The neuron’s connections with the RRAM array can be configured to serve as either input or output of the neuron which allows neural network inference in various data flow directions without incurring overheads in area or power consumption. This in turn makes the architecture easier to reconfigure. 

To make sure that accuracy of the AI computations can be preserved across various neural network architectures, researchers developed a set of hardware algorithm co-optimization techniques. The techniques were verified on various neural networks including convolutional neural networks, long short-term memory, and restricted Boltzmann machines. 

To simultaneously achieve high versatility and high efficiency across the 48 cores, NeuRRAM supports data-parallelism by mapping a layer in the neural network model onto multiple cores for parallel inference on multiple data. Also, the chip provides model-parallelism by mapping different layers of a model onto different cores and performing inference in a pipelined fashion.

Researchers measured the chip’s energy efficiency by a measure known as energy-delay product, or EDP. EDP combines both the amount of energy consumed for every operation and the amount of times it takes to complete the operation. By this measure, the NeuRRAM chip achieves 1.6 to 2.3 times lower EDP (lower is better) and 7 to 13 times higher computational density than state-of-the-art chips. 

Researchers ran various AI tasks on the chip. It achieved 99% accuracy on a handwritten digit recognition task; 85.7% on an image classification task; and 84.7% on a Google speech command recognition task. In addition, the chip also achieved a 70% reduction in image-reconstruction error on an image-recovery task. These results are comparable to existing digital chips that perform computation under the same bit-precision, but with drastic savings in energy. 

Researchers also plan to tackle other applications, such as spiking neural networks.

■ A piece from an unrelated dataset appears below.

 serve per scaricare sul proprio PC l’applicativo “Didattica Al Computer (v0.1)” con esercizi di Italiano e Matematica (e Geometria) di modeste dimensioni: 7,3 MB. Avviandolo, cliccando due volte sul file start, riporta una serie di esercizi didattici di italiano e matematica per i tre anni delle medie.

“We can do better at the device level, improve circuit design to implement additional features and address diverse applications with our dynamic NeuRRAM platform,” said Rajkumar Kubendran, an assistant professor for the University of Pittsburgh, who started work on the project while a Ph.D. student at UC San Diego.

The UC San Diego team designed the CMOS circuits that implement the neural functions interfacing with the RRAM arrays to support the synaptic functions in the chip’s architecture, for high efficiency and versatility. Wan, working closely with the entire team, implemented the design; characterized the chip; trained the AI models; and executed the experiments. Wan also developed a software toolchain that maps AI applications onto the chip. 

The RRAM synapse array and its operating conditions were extensively characterized and optimized at Stanford University. 

The RRAM array was fabricated and integrated onto CMOS at Tsinghua University while tThe Team at Notre Dame contributed to both the design and architecture of the chip and the subsequent machine learning model design and training.